Not only a good story, but a fine cliff-hangeresque ending.  I like it.  I love the FR.... it's good to have some reading material while my group is off in Greyhawk taking out the Temple of Elemental Evil.

I created a detailed town description of Kheldell that is hosted over on Candlekeep.  They made the map I drew interactive and everything... they did a nice job of it.


----------



## Xastalask (Jun 21, 2002)

Have no fear this story hour has not died! 

sorta went on a small break due to various things happening that prevented me from updating.

I will get the next section up early next week (hmm gotta do it now since I put a time frame on it   )


----------



## Rugger (Jun 21, 2002)

Yes, we're not dead! (yet!)

Octavia and Shannow (her brave steed) have been dealing out much righteous halfling fury!

-Rugger
"I Lurk!"


----------



## cthuluftaghn (Jun 21, 2002)

Trying to become a halfing hero like Dekker Roughfoot, eh? 
(from Dr. Midnight's Knights of the Silver Quill campaign)


----------



## Xastalask (Jun 24, 2002)

*Chapter the First, Part Two*

Dendrow stepped forward with her hands at her side “Good dwarf it is only right you are worried about me.  You should be as well with any of my kind, but I am a follower of Shevarash and will cause no trouble here.”  An undertone of as long as noone causes trouble with me could be heard in her words.  Dendrow then pointed at the symbol of Sevarash on her chest. “We are here because of rumors of drow activities nearby, I am from Cormanthor and came to investigate and put an end to their evil workings here if I am able.”

The dwarf just growled slightly but Octavia stepped in cutting off his reply “She is telling the truth and you have my word on it as a Servant of Arvoreen, the Protector”  Jennavieve stepped forward "I also speak for Dendrow I have traveled for quite a few days with her and have seen nothing but good in her”

The dwarf looked them over and paused at Mescal who shrugged once in agreement “Fine, but if I hear of anything you will all be held responsible.”  He waved a hand at the guards who slowly stepped back warily “You will be watched.”  He started to turn to leave but paused as he pulled out a piece of parchment and a writing tool “Take this so I do not get calls to the guard every time someone sees you,”  he hands Octavia the parchment “This is a writ saying I know of you and that I have looked into this.  Show this and if anyone has a problem they can see me.

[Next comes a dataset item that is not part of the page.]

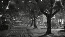 1. It's a Wonderful Life is unique in that it is a Film Blanc with a self-contained Film Noir episode. The horror vision of Bedford Falls turned into the degenerate Pottersville is like an alternate-universe in a time travel science fiction story. What Savant hasn't heard pointed out elsewhere is that this must have been Capra's statement against the violent, amoral 40s thrillers he so vociferously condemned in his autobiography, films like Kiss of Death where grandmothers in wheelchairs are pushed to their deaths down stairways. Kiss of Death and its ilk, of course, would eventually come to be known as Film Noir. Read more about Films Blanc in a related Savant article. Return

My name is Ogmund Hammerhand.” 

“Thank you for the writ we will not give you cause to come see us again I assure you, we will be staying at the Frothing Mug if you have need to find us”  replied Octavia as she nodded in thanks.

The dwarves went on their way to patrol but as they got alittle down the road one of the dwarves stepped away and started to follow the group at a distance.

The group continued on and found the Frothing Mug inn.  Octavia walked in first followed by the others, Dendrow coming in last. They saw a lone figure sitting at a table and the bartender was standing there talking to him loudly.

“Aye those drow have been much braver as of late, damned drow raiders.  They should just stay to their underground holes and leave peaceful folk alone.”  Seeing the group walk in he went behind the bar and smiled, until he saw Dendrow step up to the bar.  The dwarf grabbed an axe off the shelf behind the bar and swung it at Dendrow. The axe slammed into the bar, splinters flew as the ax dug deep into the bar.  Dendrow had tilted back some to avoid the axe blade by a narrow margin.  The dwarf tugged on the axe and found it to be stuck fast and turned for another weapon when the companions rushed forward.

“Hold your hand good dwarf!”  Yelled Octavia as he held the writ in front of him to show him.  “Ogmund has given us this writ to show Dendrow is welcome”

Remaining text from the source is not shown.